Case Study
Multi-Agent Research System
Autonomous research pipeline built with LangGraph - decomposes any topic into sub-questions, searches multiple sources in parallel, and synthesizes a structured report with self-correcting loops.
Multi-step reasoning
Self-correcting loops
Parallel search
Problem
Researching any complex topic manually means opening dozens of tabs, reading through noise, and trying to synthesize it all yourself. Single-prompt LLM responses hallucinate and lack depth. There was no system that could autonomously plan, search, verify, and synthesize the way a good researcher actually works.
Solution
Built a multi-agent system using LangGraph where each node has a single responsibility: decompose the query, search for sources, fact-check results, and synthesize a final report. If confidence is low after search, the graph loops back automatically. The same graph pattern used for Houdini SOPs - composable, stateless nodes wired together.
Impact
4
Agent Nodes
6
Max Research Steps
DuckDuckGo
Search Provider
Structured Report
Output Format
Architecture
Queries enter the decomposition node which breaks them into sub-questions. Each sub-question goes to the search agent. Results are scored for confidence and routed to fact-check if needed. Synthesis node merges everything into a structured report.
Query Decomposition
Breaks complex questions into focused sub-questions using chain-of-thought reasoning.
Web Search Agent
DuckDuckGo search with fallback simulation. Retrieves sources per sub-question.
Fact-Check Node
Validates results against source material. Loops back to search if confidence is low.
Synthesis Agent
Merges all findings into a structured report: Executive Summary, Key Findings, Challenges, Applications.
FastAPI Backend
Exposes the agent via POST /agents/chat. Accepts message and conversation history.

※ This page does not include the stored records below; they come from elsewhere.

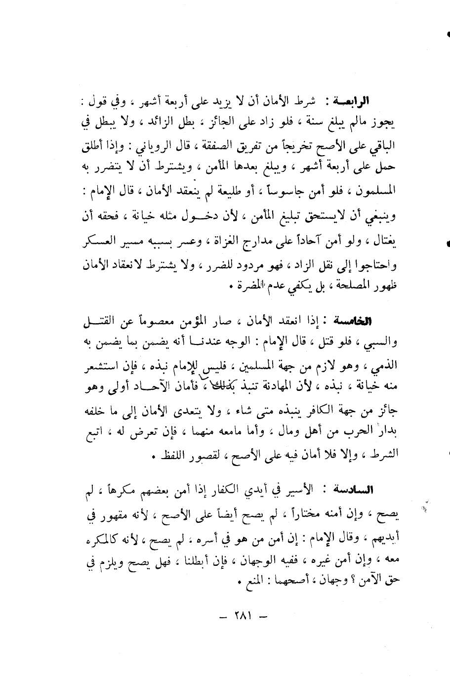 الرَّابِعَةُ: شَرْطُ الْأَمَانِ أَنْ لَا يَزِيدَ عَلَى أَرْبَعَةِ أَشْهُرٍ، وَفِي قَوْلٍ: يَجُوزُ مَا لَمْ يَبْلُغْ سَنَةً، فَلَوْ زَادَ عَلَى الْجَائِزِ، بَطَلَ الزَّائِدُ، وَلَا يَبْطُلُ فِي الْبَاقِي عَلَى الْأَصَحِّ تَخْرِيجًا مِنْ تَفْرِيقِ الصَّفْقَةِ، قَالَ الرُّويَانِيُّ: وَإِذَا أُطْلِقَ حُمِلَ عَلَى أَرْبَعَةِ أَشْهُرٍ، وَيَبْلُغُ بَعْدَهَا الْمَأْمَنَ، وَيُشْتَرَطُ أَنْ لَا يَتَضَرَّرَ بِهِ الْمُسْلِمُونَ، فَلَوْ أَمَّنَ جَاسُوسًا، أَوْ طَلِيعَةً لَمْ يَنْعَقِدِ الْأَمَانُ، قَالَ الْإِمَامُ: وَيَنْبَغِي أَنْ لَا يَسْتَحِقَّ تَبْلِيغَ الْمَأْمَنِ، لِأَنَّ دُخُولَ مِثْلِهِ خِيَانَةً، فَحَقُّهُ أَنْ يُغْتَالَ، وَلَوْ أَمَّنَ آحَادًا عَلَى مَدَارِجِ الْغُزَاةِ، وَعَسِرَ بِسَبَبِهِ مَسِيرُ الْعَسْكَرِ وَاحْتَاجُوا إِلَى نَقْلِ الزَّادِ، فَهُوَ مَرْدُودٌ لِلضَّرَرِ، وَلَا يُشْتَرَطُ لِانْعِقَادِ الْأَمَانِ ظُهُورُ الْمَصْلَحَةِ، بَلْ يَكْفِي عَدَمُ الْمُضِرَّةِ. الْخَامِسَةُ: إِذَا انْعَقَدَ الْأَمَانُ، صَارَ الْمُؤَمَّنُ مَعْصُومًا عَنِ الْقَتْلِ وَالسَّبْيِ، فَلَوْ قُتِلَ، قَالَ الْإِمَامُ: الْوَجْهُ عِنْدَنَا أَنَّهُ يُضْمَنُ بِمَا يُضْمَنُ بِهِ الذِّمِّيُّ، وَهُوَ لَازِمٌ مِنْ جِهَةِ الْمُسْلِمِينَ، فَلَيْسَ لِلْإِمَامِ نَبْذُهُ، فَإِنِ اسْتَشْعَرَ مِنْهُ خِيَانَةً، نَبَذَهَ، لِأَنَّ الْمُهَادَنَةَ تُنْبَذُ بِذَلِكَ، فَأَمَانُ الْآحَادِ أَوْلَى وَهُوَ جَائِزٌ مِنْ جِهَةِ الْكَافِرِ يَنْبِذُهُ مَتَى شَاءَ، وَلَا يَتَعَدَّى الْأَمَانُ إِلَى مَا خَلَّفَهُ بِدَارِ الْحَرْبِ مِنْ أَهْلٍ وَمَالٍ، وَأَمَّا مَا مَعَهُ مِنْهُمَا، فَإِنْ تَعَرَّضَ لَهُ، اتْبَعِ الشَّرْطَ، وَإِلَّا فَلَا أَمَانَ فِيهِ عَلَى الْأَصَحِّ، لِقُصُورِ اللَّفْظِ.
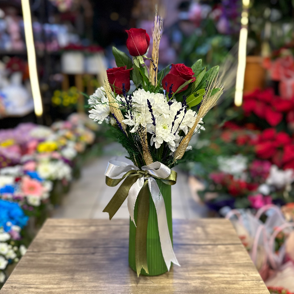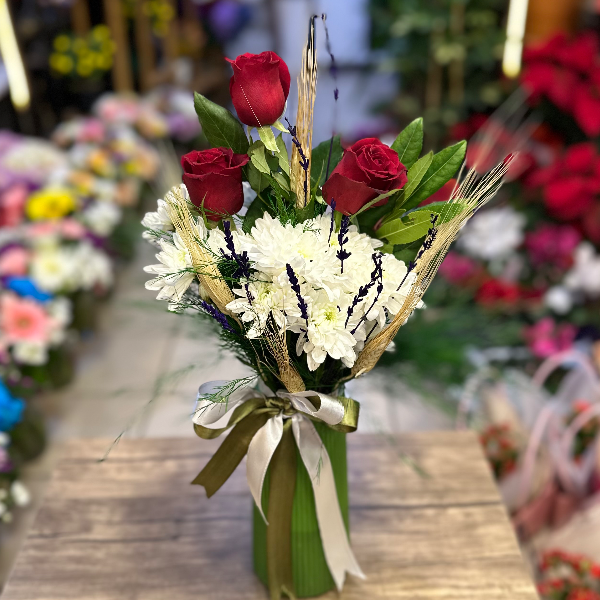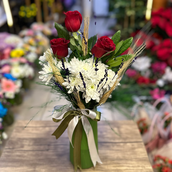 Ürün Kodu: DC345Yeşil vazo içinde 3 kırmızı gül, beyaz krizantem, lavanta ve başak ile hazırlanan zarif bir tasarım. Modern görünümüyle özel günlerde şık bir hediye
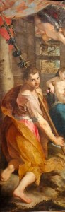 Giuda Taddeo non è rivolto verso il centro della scena, ma sembra voler quasi “agganciare” il nostro sguardo, per coinvolgere lo spettatore. E’ forse l’Amore, nelle sue diverse espressioni, la risposta alle difficoltà del nostro vivere? Osserviamo Gesù Bambino che tiene in mano una rosa, fiore pieno di spine, ma bellissimo e simbolo di amore.
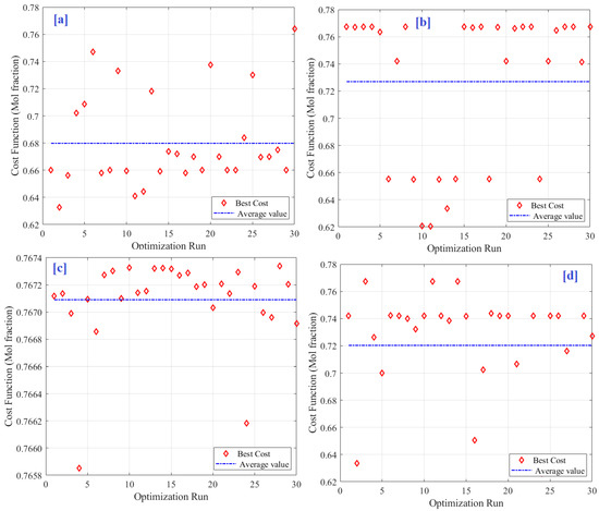 Details of 30 runs; (a) SMA, (b) PSO, (c) IGWO, and (d) HHO.
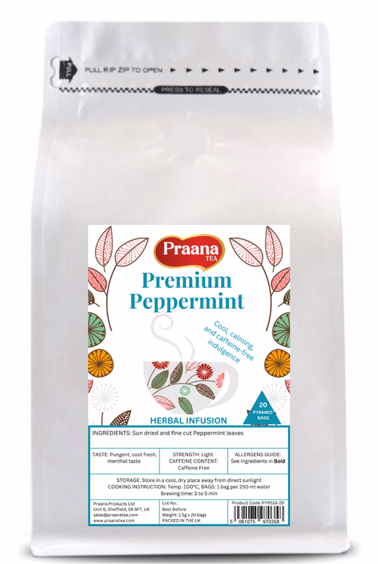 Refresh your senses with our Premium Peppermint Herbal Infusion, a naturally caffeine-free, 100% pure peppermint tea crafted for ultimate freshness and flavour. Made from carefully selected, premium peppermint leaves, this herbal tea delivers a smooth, cool minty taste and invigorating aroma with every sip.
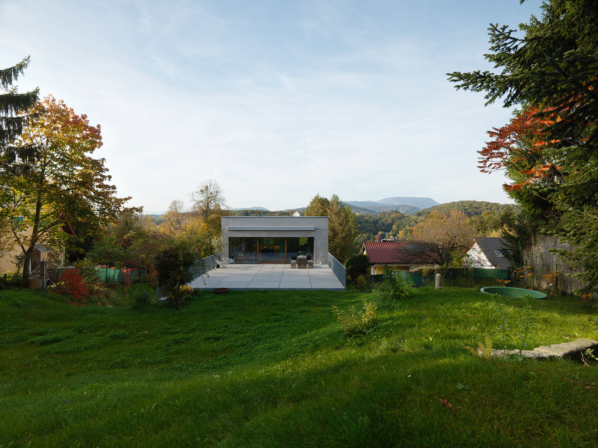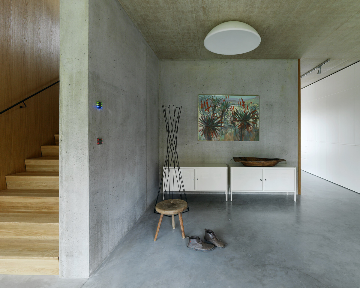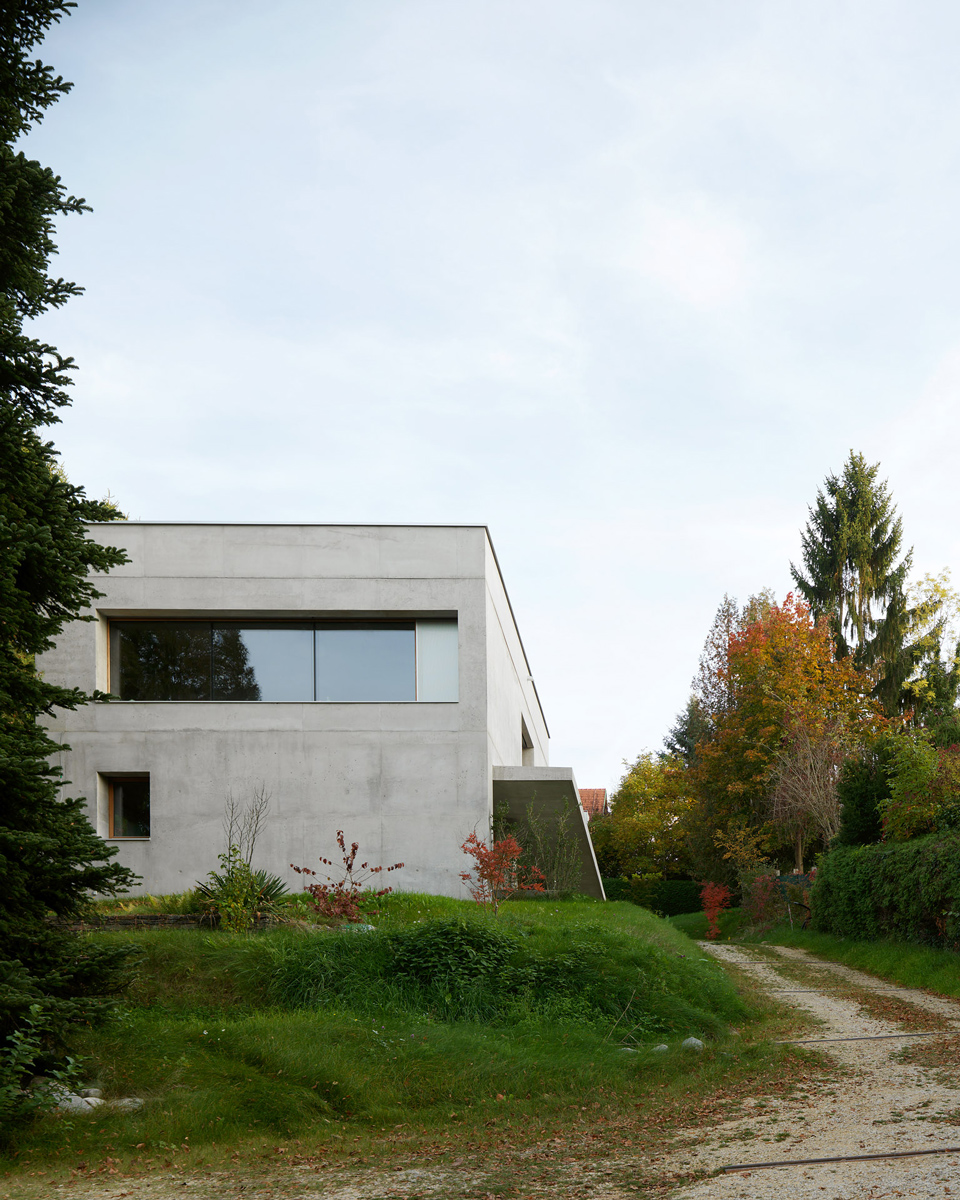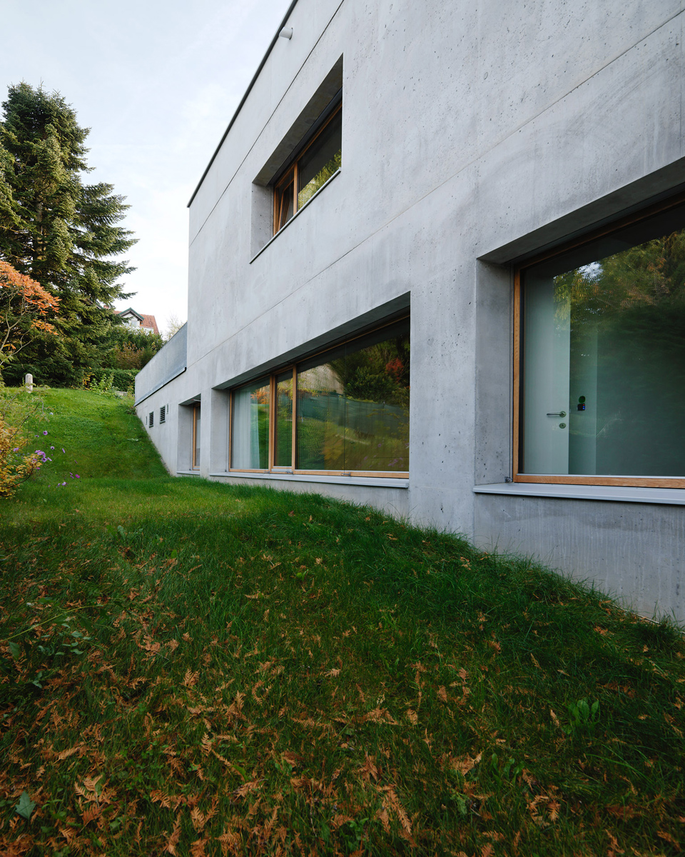 Das Wohnhaus ist zentral am langgestreckten Hanggrundstück situiert. Über einen Feldweg erreicht man den westseitigen Vorplatz. Eine 20 m lange Veranda schützt - großzügig überdacht - den zentralen Eingangsbereich sowie die bodentiefen Westverglasungen. Um einen zentralen Stiegenkern mit Garderobe und Versorgungsräumen sind symmetrisch vier gleich große Räume erschlossen. Zwei Kinderzimmer im Westen, Schlafzimmer und Bad im Osten. Raumhohe Schrankwände bieten viel Stauraum und gewährleisten freie und sparsame Zimmermöblierungen. Eine zusätzliche Einliegerwohnung erweitert das Nutzungsspektrum für zukünftige Familienentwicklungen.
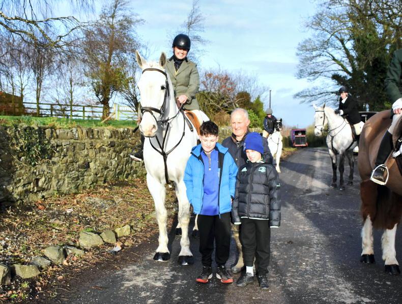 Former Tara Harriers whipper-in Liam Keogh and his daughter Suzann and grandchildren Ciaran and Culainn at the Tara Harriers meet at Skryne \ Noel Mullins

Agent Orchestration Pipeline
Query Ingestion
Receive user query via FastAPI endpoint
Decomposition
LangGraph node breaks query into parallel sub-questions
Parallel Search
Search agent fetches sources for each sub-question
Confidence Check
Low confidence routes to fact-check node
Self-Correction Loop
Fact-check triggers re-search if needed
Synthesis
All results merged into structured final report
Implementation
LangGraph Agent Orchestration
from langgraph.graph import StateGraph, END
from typing import Annotated, TypedDict
from langchain_core.messages import add_messages
class ResearchState(TypedDict):
messages: Annotated[list, add_messages]
query: str
sub_tasks: list[str]
confidence: float
results: list[dict]
def build_research_graph():
g = StateGraph(ResearchState)
g.add_node("decompose", decompose_agent)
g.add_node("search", search_agent)
g.add_node("fact_check", fact_check_agent)
g.add_node("synthesize", synthesis_agent)
g.set_entry_point("decompose")
g.add_edge("decompose", "search")
g.add_conditional_edges(
"search",
lambda s: "fact_check" if s["confidence"] < 0.7 else "synthesize",
)
g.add_edge("fact_check", "search")
g.add_edge("synthesize", END)
return g.compile()Confidence-Based Routing
async def search_agent(state: ResearchState) -> ResearchState:
results = []
for task in state["sub_tasks"]:
hits = await web_search(task)
scored = [
{**hit, "confidence": score_relevance(state["query"], hit["text"])}
for hit in hits
]
results.extend(scored)
avg_conf = sum(r["confidence"] for r in results) / max(len(results), 1)
return {**state, "results": results, "confidence": avg_conf}Engineering Challenges
Infinite Loops
Hard cap of 6 agent steps. After that the graph forces END regardless of confidence.
Search Availability
DuckDuckGo has rate limits. Built a simulated fallback so the agent still runs when search is unavailable.
Report Quality
System prompt enforces structured output: Executive Summary, Key Findings, Challenges, Applications every time.